Thanks, wow! Such wonderful feedback. Update: I have a very good friend who is adopted and searched and she is wonderful with kids (she's a school aide for behavior disordered kids and they love her.) I called her and she talked to N. privately about her anger, her feelings, how SHE had felt, why it's best to wait "until everyone is ready" and came up with stuff only an adopted person could think of. My daughter came out of there in tears, but not angry tears. She likes my friend. I think it helped her. She had great suggestions, such as journaling questions that she would like to ask B. (her birthmother) one day and putting down her feelings of anger or anything else.
I know her birthparents and went through the pregnancy with birthmom. The idea was to have an open adoption, but both of her birthparents let her down so badly that I stopped it. Her birthmother had been engaged about a year after N. was born and she promised N. she could be the flower girl in the wedding. N. was very excited. She'd asked about it, but B. didn't call. Finally, I called her. There was music in the background and kids talking and another men (not her fiance) answered the phone. She got on and told me she'd broken up with her fiance. She hadn't told N. about it. I took that as a big red flag that she was not mature enough to have contact with N. N. was devestated that she hadn't told her. Her birthfather was also in contact with her, but he had substance abuse issues and had been in jail. His family, however, is neat. He promised to throw her a huge Chuck E. Cheese birthday party and she again got all excited, looking forward to it. It never happened and he got a DUI and ended up back in legal trouble. He wrote to her from jail and we kept the letters for later, but he also seemed like a poor candidate to enhance her childhood. And nobody else in his family returned our invitations to visit N.
Years have gone by and I tried to contact B. just to give her an update, but I don't k now how to find her.
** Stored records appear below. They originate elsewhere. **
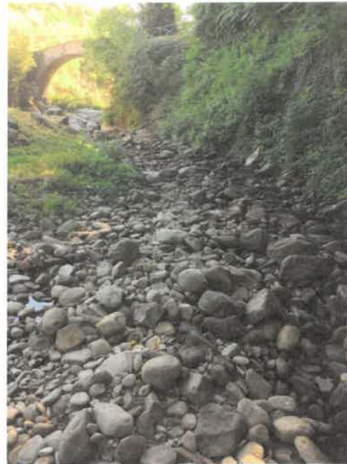
Figura 1 Resco dopo il punto di prelievo
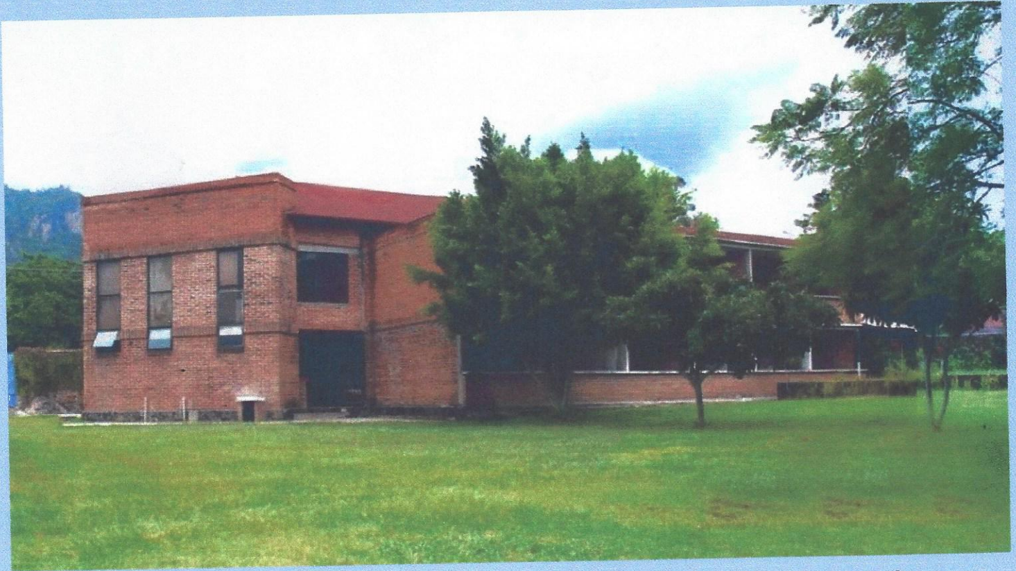
Foto 1. El Edificio Principal durante su construcción. Aloja 24 dormitorios individuales; 12 en planta baja y 12 en planta alta con sus respectivos baños, también en planta alta dos cuartos múltiples para tres personas compartiendo baño en cada uno de ellos
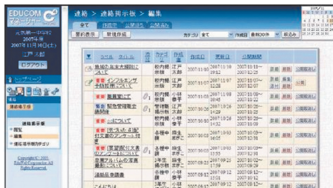
連絡掲示板 イメージ図

My guess is she got married and I don't know her last name. I know where she lives (or lived) and shouldn't have any trouble finding her when N. turns 18. She is a good person with custody of N.'s half-brother, and I definitely want N. to know her brother. But I feel she is at too of an emotional age to start up again. What if the birthmother is still unreliable? I wouldn't mind writing to her to give her updates, but I don't think it's time for them to see one another again.
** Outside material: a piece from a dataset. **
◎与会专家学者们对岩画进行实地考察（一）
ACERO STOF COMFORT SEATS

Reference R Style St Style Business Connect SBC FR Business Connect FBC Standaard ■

As for me feeling threatened, that's just me being a ditz...lol. N. and I have a very strong bond. We are very close. N. is going to want to meet B. again, and I'm going to have to be brave and cheerful about it and it's probably going to go much smoother for all of us than my vile imagination says.
I don't think this has anything to do with the son who has disappeared on us. He came at age six and was never that bonded to us. I think it is worse for me in N's case because we are so close. I saw her birth and was the first to hold her and it's been uphill ever since. So I don't want to lose her to another mother! Yet none of us, even biol. parents, own our kids. I have one biol. son.
I always refer to myself and her dad as dad and mom and her birthparents as birthmother and birthfather. That's why when she said REAL REAL mother it threw me a little, but she was upset and I knew what she meant--she meant mother who gave birth to me (birthmother).
Keep it coming. I love your feedback. You are such wise parents and I learn so much from all of you. Bless you all.